Le Niger a une expérience considérable dans le domaine de la Régénération Naturelle Assistée (RNA). On peut considérer qu’il est même le berceau de cette bonne pratique écologique. Il sert et continue de servir des cas d’école pour beaucoup de pays sahéliens. Nous pouvons lier cette prouesse à un certain nombres d’éléments notamment l’intensification de la sensibilisation, de la communication et de la formation des populations sur la pratique de la RNA ; les avantages socio-économiques directement perçus par les producteurs ruraux (amélioration de la fertilité et protection de la base productive, accroissement des rendements des champs, amélioration de la disponibilité du fourrage aérien et du bois énergie). Comme on le dit chez les paysans : voir, c’est convaincre.

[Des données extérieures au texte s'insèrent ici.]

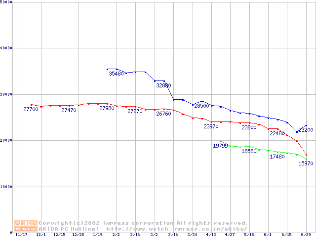 | [↑前グラフ]: | U5 (5400rpm,UltraATA/100 512KB)の最安値推移 |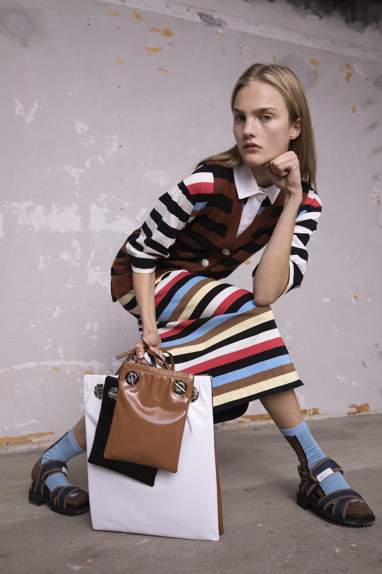 Prairie Kleider, florale Muster und üppige Kragen — die Pre-Fall Kollektion von Ganni zeigt sich gewohnt verspielt, experimentiert dabei mit unterschiedlichen Silhouetten, Prints und Farben, bricht modische Grenzen auf und nimmt sich dabei selbst nicht zu ernst. Inspiriert von der Freiheit und der Energie des Sommers kreierte Ditte Reffstrup, Kreativdirektorin von Ganni, eine Kollektion, die aufregend und entspannt zugleich ist. Neben wallenden Maxikleidern und Hosen mit weitem Bein zählen lässige Rugby-Hemdkleider, Strickwesten und übergroße Jacken zur Kollektion. Alle Stücke sind ab dem 17. Juni bei Ganni erhältlich.

Autres facteurs, c’est que la RNA est une pratique peu coûteuse, une technologie à la portée des producteurs et facilement réplicable dans leurs champs. Il y a aussi le renforcement des capacités du personnel d’encadrement sur le terrain ; l’instauration des mesures incitatives à l’endroit des producteurs dans le domaine et le regain d’intérêt par les partenaires techniques et financiers pour cette activité à faible risque et d’innombrables avantages comparatifs.
C’est d’ailleurs pour les raisons sus-évoquées que l’Etat a pris en 2020, le décret 2020-602/PRN/MESUDD du 30 juillet 2020 règlementant la pratique de la Régénération Naturelle Assistée au Niger. Ce décret a accordé des droits d’utilisation plus importants aux producteurs ruraux sur les zones reverdies par la RNA au Niger. En adoptant ce décret, le Niger est devenu l’un des premiers pays au monde à prendre un décret présidentiel soutenant la RNA. Ce texte juridique a fait renaître la confiance auprès des producteurs ruraux qui ont adopté cette pratique et qui sont enfin rassurés que leurs efforts pour maintenir les arbres dans les champs sont reconnus et récompensés par la loi. Cette disposition juridique arrive à point nommé puisqu’elle donne aux agriculteurs et aux éleveurs le droit de décider de comment utiliser les arbres qu’ils ont régénérés et entretenus sur leurs terres. Les agriculteurs peuvent décider du nombre de pousses à conserver, du nombre de plantes à élaguer et des produits à récolter. Cependant, ils n’ont pas le droit d’abattre des espèces d’arbres protégées.
Le Niger est, depuis une année, dans un processus de restauration de sa souveraineté. Quel lien peut-on faire entre ce processus et les questions environnementales ?
Les questions environnementales sont prises en charge sur l’axe 3 du Programme de Résilience pour la Sauvegarde de la Patrie (PRSP). Cet axe relatif au « développement des bases de production pour la souveraineté économique » prévoit en son point 3.3 : La gestion durable des terres, des eaux et de la biodiversité. Ainsi, pour le processus de l’atteinte de la souveraineté alimentaire, un programme prioritaire de transformation du potentiel sylvicole et halieutique et de création d’emplois pour les jeunes sera développé. Il porte principalement sur l’atténuation des effets négatifs du changement climatique et le renforcement de la résilience des populations et des écosystèmes ; la Gestion Durable des Terres, des Eaux, de la biodiversité et la sensibilisation et l’implication effective de la population dans la gestion de l’environnement, la valorisation des espèces locales ; le respect des engagements pris dans le cadre des accords multilatéraux sur l’environnement. La mise en œuvre de ce programme permettra de reconstituer les bases productives et le couvert végétal ; d’améliorer les rendements agricoles et les productions fourragères; d’améliorer la qualité nutritionnelle et d’atteindre la souveraineté alimentaire, etc.